January 22 1506, saw the arrival of the first Swiss mercenaries brought in to defend Pope Julius II in a turbulent epoch when the hardy Alpine inhabitants were renowned for battlefield skills rather than neutrality and banking. Five centuries later, the corps is still drawn exclusively from Switzerland.

Asked whether it’s uncool to don a red, blue and yellow uniform and Renaissance-style plumed helmet, Pasquier laughs: “It’s a bit like a bunch of colourful clowns—at least that’s the side people see. That’s for sure.”

The guards are best known for their ceremonial side, but that represents only a third of their duties.
The rest involves more typical security work—of increased importance since the 1981 assassination attempt on Pope John Paul II—including working as plainclothes bodyguards for the pontiff.

The corps, long shrouded in mystery, has also lifted the veil somewhat after being rocked by scandal in 1988 when its commander and his wife were killed by a young recruit who then committed suicide.

Would-be guards must be Swiss citizens, faithful Roman Catholics with a “good moral and ethical background,” unmarried, aged 19 to 30 and at least 1,74m tall.

They must also have completed high school or an apprenticeship, plus basic military service in the Swiss army, and be prepared to sign up at the Vatican for at least two years.

While they may seem unfashionable, the Swiss Guards never have a problem finding candidates, says Andre Wyss, head of recruitment in Switzerland’s French-speaking regions.

The guards need 30 to 40 recruits annually. Wyss had 80 inquiries last year.

“The influences of the 500th anniversary, of John Paul II and the new pope have all been positive for recruitment,” says Wyss.

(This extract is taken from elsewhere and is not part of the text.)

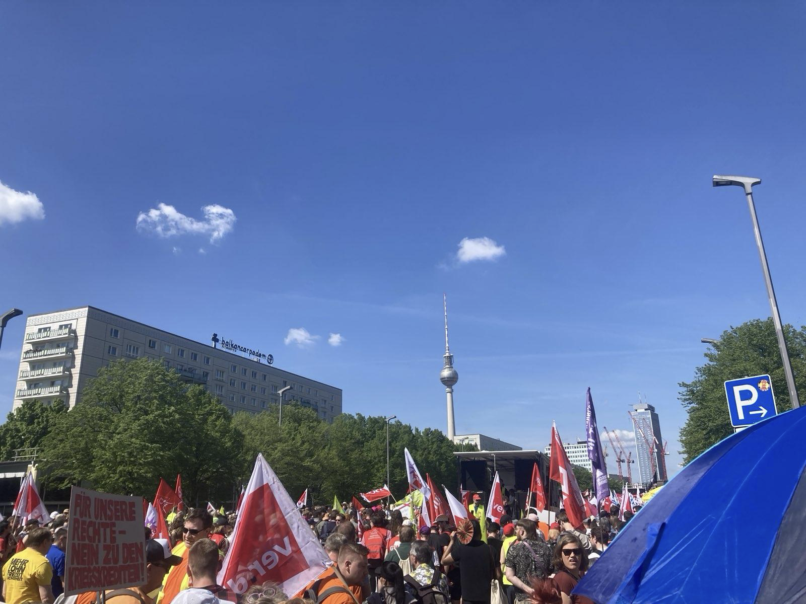 五一是柏林的公共假期,从早到晚都有抗议活动平行发生。最主要的两场是上午1万多人的工会游行和下午3万人的“革命五一”草根团体游行。

“These young men are often the ones questioning their faith and wanting to deepen it,” he adds. “At the same time, there are those who haven’t completely found their way professionally and want a few more cards up their sleeve before taking the next step.”

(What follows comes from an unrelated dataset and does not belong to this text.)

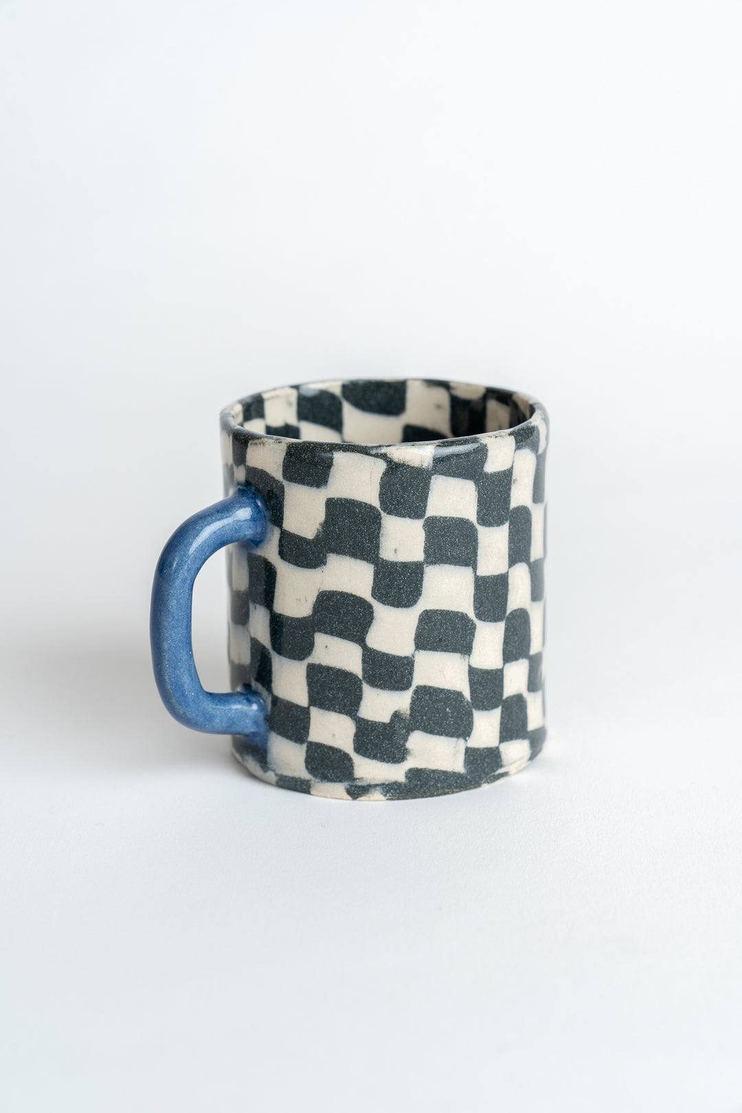 Made using a technique called 'nerikomi' - a process of stacking, cutting and rolling together pieces of clay to create patterns, the Checkerboard Mug is made by hand in South London. Measuring a sweet 11cm tall, the mug is the perfect size for a Flat White.

Joining up provides a chance to learn foreign languages as well as experience the multicultural Vatican, says Wyss.

After three years’ service, guards can also obtain a widely recognised security expert’s diploma.

“The salary isn’t the number-one reason for joining,” says Wyss, although he notes that applications rise when the Swiss economy slides.

Monthly pre-tax pay is about 2 000 Swiss francs ($1 600). A fixed sum is deducted for food, but accommodation is free.

Besides the internet, potential guards can get information from their parishes—recruitment posters are common in Switzerland’s Catholic churches.

Pasquier picked up a leaflet in a chapel while out hiking with his family in 2000, aged 16.

“I kept it, then the idea came back to me four years later when I was in the army and I said to myself, ‘Why not?’”

Applicants must provide a parish reference, plus documents including school or employers’ certificates, army records and confirmation of a clean criminal record.

After a three-hour interview with Wyss or his counterparts in Switzerland’s German- and Italian-speaking regions, a successful recruit gets a green light to go to Rome for 26 days of basic training, the final filter.

“I’m planning on serving for three years,” says Pasquier.